This is not necessarily a hardware problem.

Since your network card is calculating the checksums for you, wireshark is not able to check it, beause the packet is already about to leave your machine.

You can simply let wireshark ignore the checksum errors on outgoing packets.

Preferences -> Protocols -> TCP / UDP -> unset "Check the validity of the TCP / UDP checksum when possible"

I think your problem is descriped here:

http://wiki.wireshark.org/TCP_checksum_offload

Good luck!

----------

## MadOtis

Wormo, thanks, that was what I was looking for, but I don't think it is solving my problem...  While I'm not having very many checksum problems any longer, I still see the "stalls" in SCP/SFTP and web pages that seem to just simply stop.  I guess I'll keep digging...

Seek: Yes, I'm aware of the option to disable it in Wireshark...  but I was trying to solve the network issues and thought that the results of those checksum errors could have been causing some sort of "retry hell" on the network segment.  As it turns out, they aren't the issue anyway.

Cheers!

Randy

----------

## Wormo

Seek:

You're right that wireshark would show bad checksums whenever checksumming is offloaded to the hardware, so it does not in itself indicate a problem.

However, in this case there is a real networking problem not just the observation of checksum errors under wireshark. Looks like not only is checksum offload enabled, it also happens to be broken for certain broadcom cards, because the link I posted above was from a person using the tg3 driver and a similar card, and his networking problem was fixed by disabling checksum offloading (in both directions).
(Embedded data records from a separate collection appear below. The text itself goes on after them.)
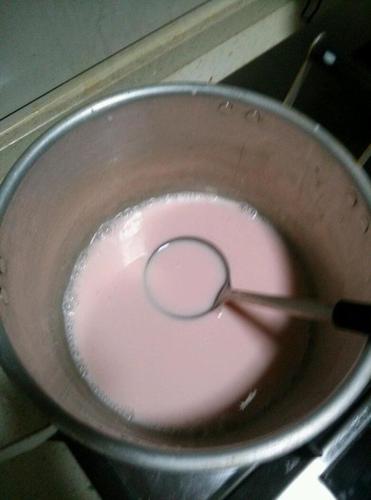 步骤2、 特别注意火候!!!只能是这么大,太大会浮起许多小渣子。那是牛奶凝结的样子,若是那样就失败了。而且一定要有耐心!!!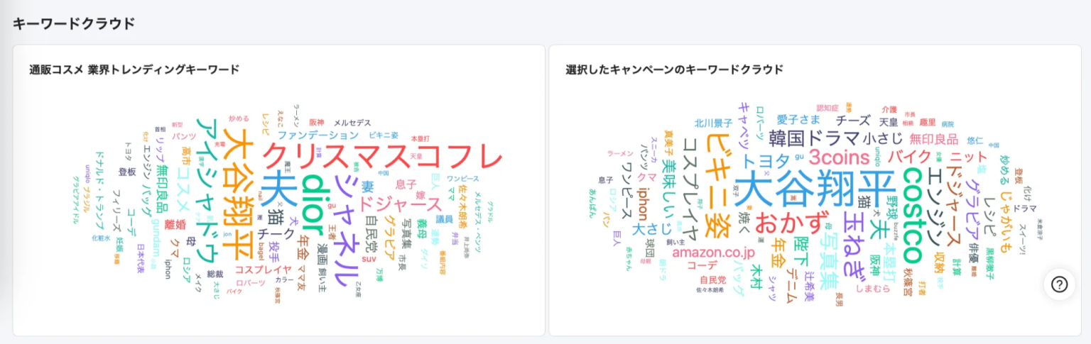 レポート下部の「この広告に関心を持った人が読んだニュース」セクションを廃止し、新たに「キーワードクラウド」機能を導入。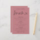 Budget Elegantes Script Dusty Rose Wedding Menü. Ein preiswertes 5,5" x 8,5", Ein stilvolles typografisches Design mit einem informellen Set-Skript für das Header-Menü. Personalisieren Sie einfach die Erholung des Textes auf Ihre eigenen Details, die Alternativen für Ihre veganen oder vegetarischen Optionen beinhaltet. Sie können auch Textstile und -farben sowie die Hintergrundfarben ändern, indem Sie die Option Weitere Einstellungen vornehmen.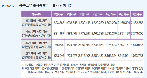 오늘은 2023 생계급여 신청자격을 알려드리겠습니다. 국민기초생활보장법에서는 급여종류별로 수급자 선정기준을 다르게 정하고 있습니다.

[edit]Rats, looks like this is not the same issue after all, since a new post appeared while I was writing this one. What are you seeing now from wireshark during stalls, could it be a tcp window problem?[/edit]

----------

## MadOtis

Yeah, I think that's the issue at this point...  I just changed the default MTU to "1500" and that has helped... it just takes longer to stall now.  I'll try experimenting with larger MTU values to see if I can find the magic number.

Thanks again for the help!

----------